Formulation of the Claim
Synchronic reading prevents the ideological and historical projection onto the text.
Explanation
By this reading, Arkoun means that the text should be considered in its structure and in its synchronic presence, not as material onto which later meanings, shaped by delayed ideological or historical circumstances, are loaded. The aim is to prevent the text from being redefined in a way that conforms to a ready-made conception imposed from outside.
This formulation also belongs to his critique of the traditional reading that tends to insert the text into inherited interpretive frameworks, so that it is read through what has accumulated around it rather than through what it says in its immediate analytical context.

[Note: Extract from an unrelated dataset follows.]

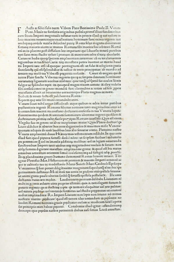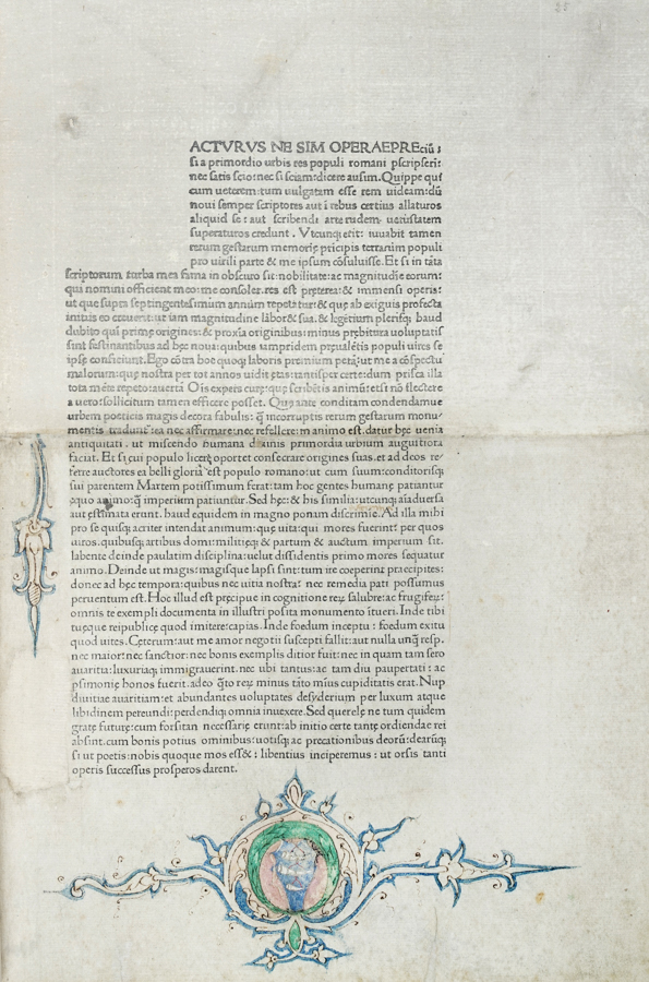 Livius Titus, Historiae Romanae decades. (Al colophon:) S.l. [i.e. Venezia]: S.e. [i.e. Vindelino da Spira], 1470.

Its Place in the Book’s Argument
This atom enters the core of Arkoun’s critical project, which distinguishes between the scientific treatment of the text and its use within later intellectual constructions. It is linked to his effort to free reading from uses that project onto the text intentions that did not arise from it, but were added to it in later stages of the history of reception.
Limits of the Claim
This atom does not mean eliminating history or ignoring the conditions of reception, but rather preventing them from becoming a means of imposing a predetermined meaning on the text. Nor is it reducible to a merely technical preference between two ways of reading.
Brief Evidence Passage
Synchronic reading aims to prevent the projection of late ideological or historical meanings onto the text. It reads the text in its synchronic presence, within its own structure, not as material that can be reshaped according to ready-made conceptions. In doing so, it prevents the text from becoming a mirror of later ideas that do not belong to it. The aim is to respect its structure and not burden it with what is not in it.